Harvard President Lawrence H. Summers told a packed audience at the John F. Kennedy Jr. Forum that the University must focus its energies on three primary areas: addressing the inequalities between developing and industrialized countries, leading the way in the unfolding “revolution” in the life sciences, and considering ways in which equal opportunity can be assured in market economies.

“What I find most troubling is increasing evidence that the correlation between income of parents and income of children appears to be rising,” Summers said. The resulting social stratification, he pointed out, is a “great danger” for our society.

Universities like Harvard must remain incubators of both good ideas and effective leaders, Summers indicated. “It is the function of a great university to do everything it can to make sure the leaders of the next generation are remembered for their vision and not for their folly.”

The opening plenary session featured an engaging roundtable featuring two former Kennedy School professors, Richard Darman and Shirley Williams, and two international leaders, Klaus Schwab, M.P.A. ’67, and Cheng Siwei.

Siwei, who serves as a top official with one of China’s emerging democratic parties, spoke of the growing importance of the “knowledge economy” on the global stage, stating that both developed and developing societies must invest more in their own intellectual capital. “We must put more effort and attention on education,” he said. “Only education can benefit us the day after tomorrow.”

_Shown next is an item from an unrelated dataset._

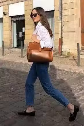 尖頭樂福鞋代表著成熟和銳利的氣場,有一定年紀的女人更能把它穿出味道,而對於喜愛簡約風的中年女性來說,春夏時期,樂福鞋最好的搭檔就是白襯衫了。

Schwab, the founder and executive chairman of the World Economic Forum, argued that international partnerships are the key to tackling the global challenges ahead. “The nature of [current] politics creates a system whereby people are more and more focusing on their local constituencies,” he said. “We need leaders of the next generation with a global outlook.”

Global warming is the most serious challenge facing the world, said Williams, member of the House of Lords and co-founder of the Liberal Democratic Party in the United Kingdom. “We can no longer say that it’s not happening,” she warned the audience. It will take the “thought, genius, and inspiration” of those at the Kennedy School and elsewhere, Williams said, to leap the technological, financial, and political hurdles standing in the way of effective solutions.

Darman, who advised five U.S. presidents on economic policy, spoke of the political divide between “thoughtful and analytic” leaders and those who dream “bold dreams, but are uninterested in evidence.” Such a disconnect, he said, could result in political paralysis or serious harm. “Our biggest challenge is both methodological and cultural – to find the ways to connect our dreams with the ways to achieve them,” he said.